The Hidden Value of Resource Allocation
We all know that projects can’t be completed effectively and on time without team members being assigned to the appropriate tasks. However, the importance of resource allocation goes beyond simply getting the work done when it needs to be done. Detailed and effective allocation of your full-time, part-time, and contract workers has hidden ripple effects across a company.
According to Connectwise, professional services businesses average a resource utilization rate of between 50 and 60%, leaving nearly half of their team members time used on non-billable work. However, those that average around 80% billable utilization can be considered a best in class company, separating them from the rest of their markets by being both more profitable and able to take on more clients, giving them an advantage over competitors.
Effective resource allocation can improve a company’s utilization rates, billing accuracy, and budgeting vs actuals comparison, but each of these improvements have their own positive effects, too. These include:
- Preventing Task Conflicts – Using a dependable resource management software solution as the main hub for all work will prevent task conflicts which would delay and complicate multiple simultaneous projects that are depending on the same team members.
- Minimizing Resource Burnout – Jumping between projects, becoming overworked, and not having clarity in their daily priorities can all create burnout for a highly valued resource, but effective allocation can prevent these stressors from happening through a more efficient and focused schedule.
- Leveraging Unused Skill Sets – Combining a database of employee skill sets with tasks that detail their specific skill needs can help resource managers uncover underused capabilities of team members, putting them to work on important projects that they otherwise might have hired a new team member or contractor to do.
- Increasing Company-Wide Profit Margins – Consistent and well-paced resource schedules mean that team members can continuously, predictably work on billable projects. This reduces downtime and non-billable work in favor of tasks that directly improve a company’s bottom line.
- Increasing Concurrent Projects – Strong allocation and schedules mean that your current team can predictably take on more work, which will lead to a larger potential capacity. By maximizing the amount of concurrent projects that you can complete, your business can accommodate more simultaneous clients. Then, you will only need to hire as you predictably scale in size.
- Improved Forecasting and Capacity – Knowing exactly where your team should be used will help improve both your knowledge about where they will be needed in the future and about how much work they can take on through the use of diligent capacity planning and resource forecasting.
The Impact of Improved Allocation
Every resource can bring so much value to a company, but resources are only as valuable as they are well used. And while high value team members can be great at self management, they need an experienced resource manager who will continually push them in the right direction and refine their usage within the organization.
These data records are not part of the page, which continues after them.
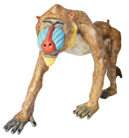 本濃研太の作品は、私たちの生活に身近な素材であり、リサイクルの優等生でもあるダンボール(※)で成形されており、さらにアクリル絵の具で表情豊かに着色されています。また、本展の作品の素材には、作家本人が集めた使用済みダンボールが使用されています。
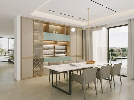 餐邊柜補(bǔ)充整體空間的儲(chǔ)物需求,解放桌面空間。除掩門收納外,餐邊柜開放式設(shè)計(jì)與玻璃掩門的組合,讓收納同時(shí)具備收藏展示功能。
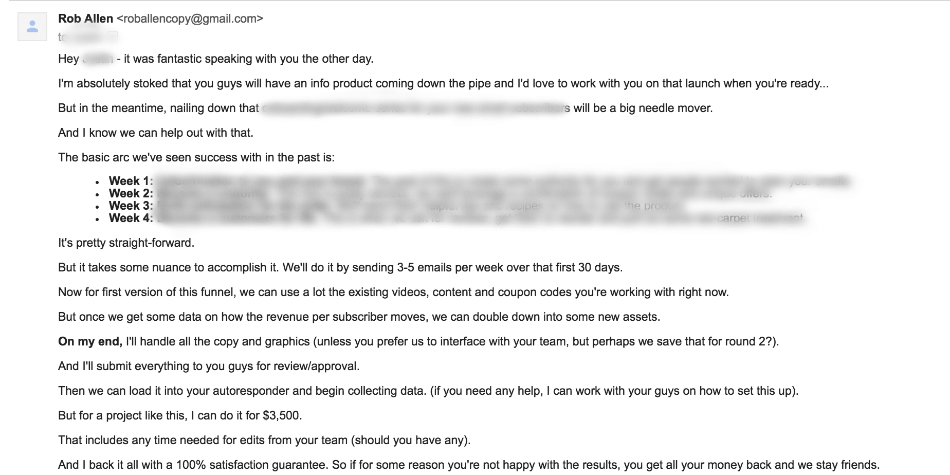But I wanted to lay it out week by week to make it crystal clear HOW we could solve his problems over the next 30 days.
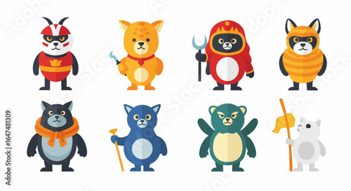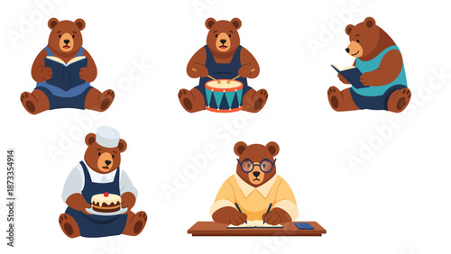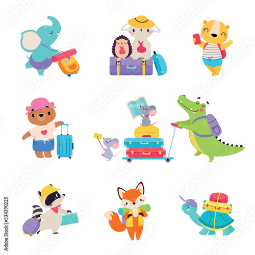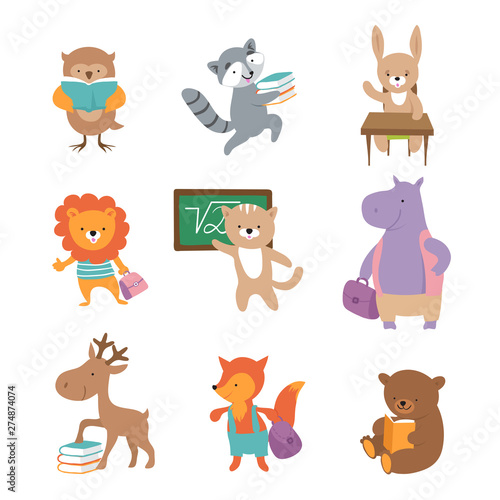 Милые дикие животные с набором иконок книг. Векторная иллюстрация забавного ежа, лисы, медведя, белки, совы, енота, кролика, оленя и панды, читающих книги, изолированные на белом фоне.
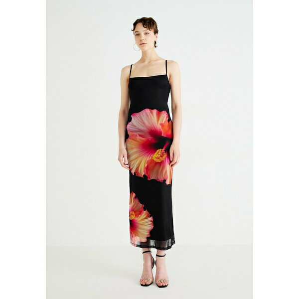 エイソス レディース トップス ワンピース マキシワンピース フリル マキシ ASOS DESIGN plisse cami maxi dress with waterfall corsage ruffle Black ブラック
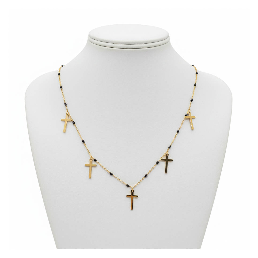Objevte kouzlo náhrdelníku Cindy, který spojuje jemnost s moderním stylem. Jemný, pozlacený řetízek je zdoben drobnými černými korálky a pěti půvabnými přívěsky ve tvaru křížků. Tento elegantní doplněk dokonale podtrhne vaši individualitu a hodí se jak k ležérním outfitům, tak k sofistikovanějším kreacím. Ideální jako dárek nebo jako vyjádření osobního stylu.
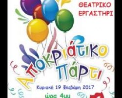 «ΑΠΟΚΡΙΑΤΙΚΟ ΠΑΡΤΥ ΜΕ ΤΟ ΘΕΑΤΡΙΚΟ ΕΡΓΑΣΤΗΡΙ» Στους ξέφρενους ρυθμούς του καρναβαλιού καλούνται να διασκεδάσουν τα παιδιά του Θεατρικού Εργαστηρίου, […]
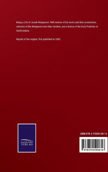 Reprint of the original, first published in 1865. Being a Life of Josiah Wedgwood. With notices of his works and their productions, memoirs of the Wedgwood and other families, and a history of the Early Potteries of Staffordshire.
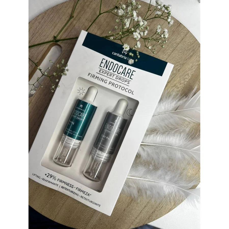 ENDOCARE EXPERT DROPS Firming Serum (Cantabria Labs) – Укрепляющая лифтинг-сыворотка Комбинация активных ингредиентов (комплексы SCA® и Collagen Boost) обеспечивает лифтинг, глубокую регенерацию и укрепление кожи. Повышает гладкость и упругость. Для интенсивного омоложения кожи. Активные ингредиенты: фильтрат секрета улитки (SCA®), экстракт листьев луговики антарктического (EDAFENCE®), гиалуронат натрия, экстракт грибов Шиитаке, фитиновая кислота, гидролизат протеинов сои, глицерин, аргинин. ENDOCARE EXPERT DROPS Soft Peel Serum (Cantabria Labs) - Мягкая обновляющая сыворотка-эксфолиант Обладает свойствами химического и энзимного пилинга, улучшая клеточное обновление. Для выравнивания текстуры, разглаживания морщин, улучшения тона кожи. Активные ингредиенты: ниацинамид, пантенол, бакучиол, ретинол, экстракт граната, лизоцим, трегалоза, протеаз. Предупреждение: встряхнуть перед применением. Нормой является легкое покалывание во время первых применений. Цвет продуктаможет варьироваться из-за высокой концентрации активных ингредиентов, что не влияет на эффективность препарата. Хранить при температуре выше 30°С. Рекомендуется использовать солнцезащитное средство Heliocare в течение дня. Способ применения: наносить ежедневно на чистую и сухую кожу 3-5 капель в зависимости от сочетания зон применения (лицо/шея/зона декольте). Укрепляющая лифтинг-сыворотка Firming Serum утром и пилинг-сыворотка Soft Peel Serum вечером. Объем: 2 флакона по 10 мл.

Poor resource allocation and compromised scheduling will negatively affect all aspects of a business as each team member is unable to be used to the best of their abilities, and the ripple effects can be felt in a variety of ways. However, systematically correcting your resource allocation practices can create the following positive impacts company-wide.
|Poor Allocation||Strong Allocation|
|Project Timelines||Poorly allocated resources will easily blow past project deadlines through no fault of their own. The result is compromised projects that leave clients dissatisfied, and future timelines unnecessarily adjusted for a less than optimal team.||Project managers can set due dates and task completion times for a project, confident that their resources will be able to hit their goals and create a successful project for both clients and for the business.|
|Utilization Rates||Poor allocation or simply not allocating resources at all will hurt resource utilization rates, leading to a less productive, less profitabilite company.||Efficient and consistent task allocation means that resources can be more self-sufficient and correctly guided through daily work, helping utilization rates stay consistent.|
|Capacity||Poor allocation strategies will compromise a team that is capable of doing much more work, causing resources to take on fewer projects at any given time, preventing company growth.||Companies will be able to take on more clients and new types of work by effectively leveraging their workforce. Bigger projects, multiple simultaneous projects, and a larger project portfolio can become possible with better capacity.|
|Communication||Poor allocation slows down the sales to project pipeline, creating a backlog of work due to being unable to know who will be available to provide work. In turn, this will create client frustration and poor external communication.||Strong resource allocation means faster and more accurate understanding of project timelines and needs, improving the sales pipeline and client communication regarding which team members will be working with them and how you will be providing their agreed-upon deliverables.|
|Hiring||Instead of improving resource allocation and utilization rates, companies may simply hire more people to do the needed work, resulting in a bloated workforce that costs too much to stay profitable.||Effectively allocating resources ensures that teams are used to their highest potential, meaning that every resource is leveraged right and new employees are only hired when they are absolutely necessary.|
The Financial Impact of Strong Resource Allocation and Scheduling
Choosing the right person for a task does more than set a project up for success, it has a dual effect on both the efficiency at which a project is completed and the overall utilization of a resource, which improves the return on investment (ROI) made from hiring and paying a team member.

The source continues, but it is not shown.